The Christopher Columbus display was part of a student project for the class in which students were challenged to see Columbus as the Native Americans might have.

Dickinson had previously raised her concerns regarding the book, "GENERATION REACT: Activism for Beginners," (See review of this book)used in the Diverse Perspectives class, to the school board. After reading the book, she said it "did not focus on the acceptance, friendship, and concern for people that are different from oneself --- which I expected from a book on diversity.
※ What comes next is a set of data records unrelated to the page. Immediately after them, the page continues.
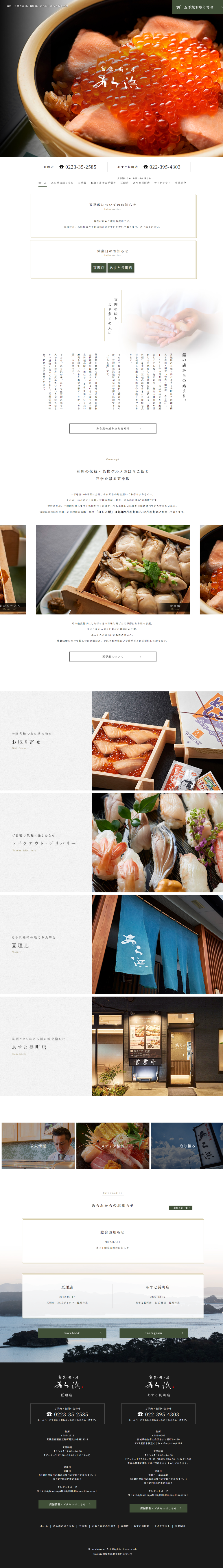 宮城県仙台市にある「あら浜」様のWEBサイトリニューアルとECサイト構築のディレクション、またメニューブックのディレクションを行いました。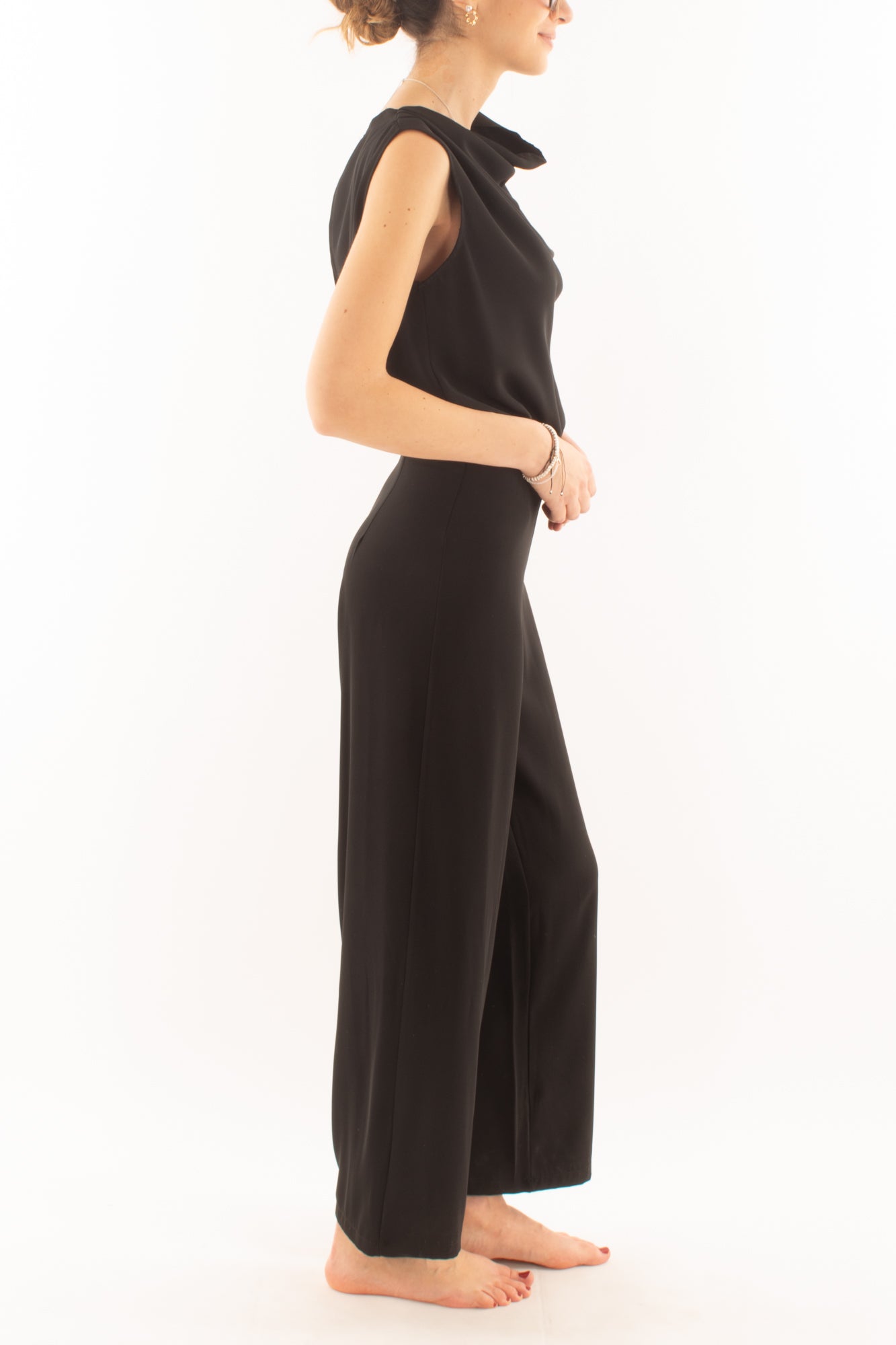 Elegante tuta smanicata ideale per eventi speciali. Realizzata con tessuti di alta qualità, offre comfort e stile. Il design moderno e raffinato valorizza la silhouette, rendendola perfetta per serate glamour e occasioni formali. Un capo immancabile nel guardaroba femminile.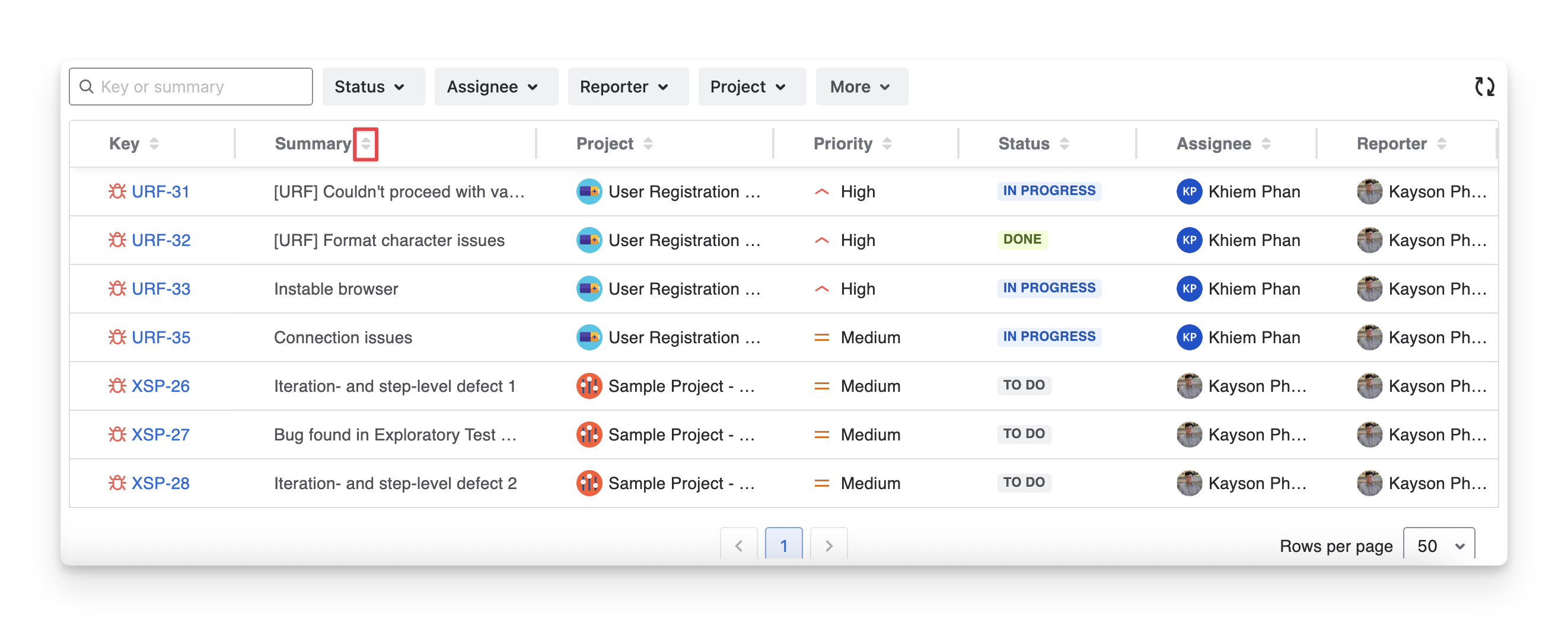 Key | The Jira unique identifier for each defect. This helps you quickly locate, reference, and track a specific issue |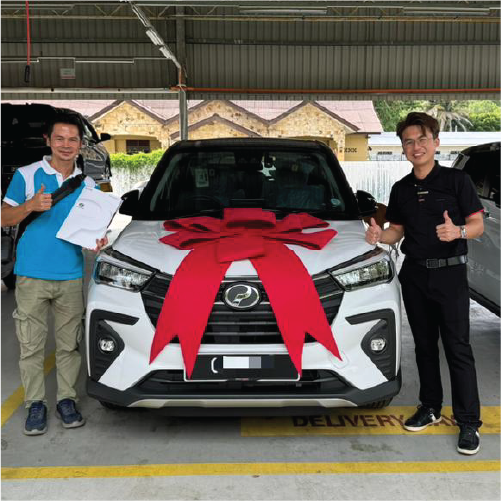 Sehingga kini, saya telah berjaya membantu ribuan pelanggan untuk memiliki kereta Perodua baru. Seluruh proses pemilihan, pinjaman dan penyerahan kereta akan dibantu sepenuhnya oleh saya Perodua Ayer Keroh!

Instead, it promoted a politically liberal agenda."

The book states, "Here are some of your specific rights according to the ACLU ...you have the right to form a group no matter how controversial the topic may be ...There is, however, one exception: Students are prohibited from using school property for organizing religious activities because of the U.S. Constitution's infamous separation of church and state."

Bob Barrett, a parent of Big Lake first and third graders, went so far as to file a formal complaint against "Oppression and Social Justice: Critical Frameworks," (See review of this book)another book used in the class. "If this book were a movie it would be rated R," said Barrett, "because of the graphic depictions, lewd sexual references, and four-letter words that are used throughout the book."

Big Lake resident and parent Ginny Knaeble attended the school board's May meeting. Knaeble said, "There was a huge discussion about [the Diverse Perspectives] curriculum at the May meeting. Bob Barrett passed out a statement he read. The bottom line was the school decided to keep it. They're claiming it's a resource book. They're claiming too that what happened in the past --- a one-sided teaching - won't happen again."

Knaeble stated she doesn't think many members of the Big Lake community know the board made a final decision on the visitor policy. She and others believed the policy wouldn't be voted on until June.

The controversy, though less heated for now, left a lasting impression on many Big Lake residents. "I've lost friends over this," said Dickinson. "I was presented as the kind of threat the visitor's policy revisions needed to guard against. They made me into a child predator," she contends, "filming people's children, which never happened. Instead of dealing with the issue of curriculum, they spun it so all the focus was on me."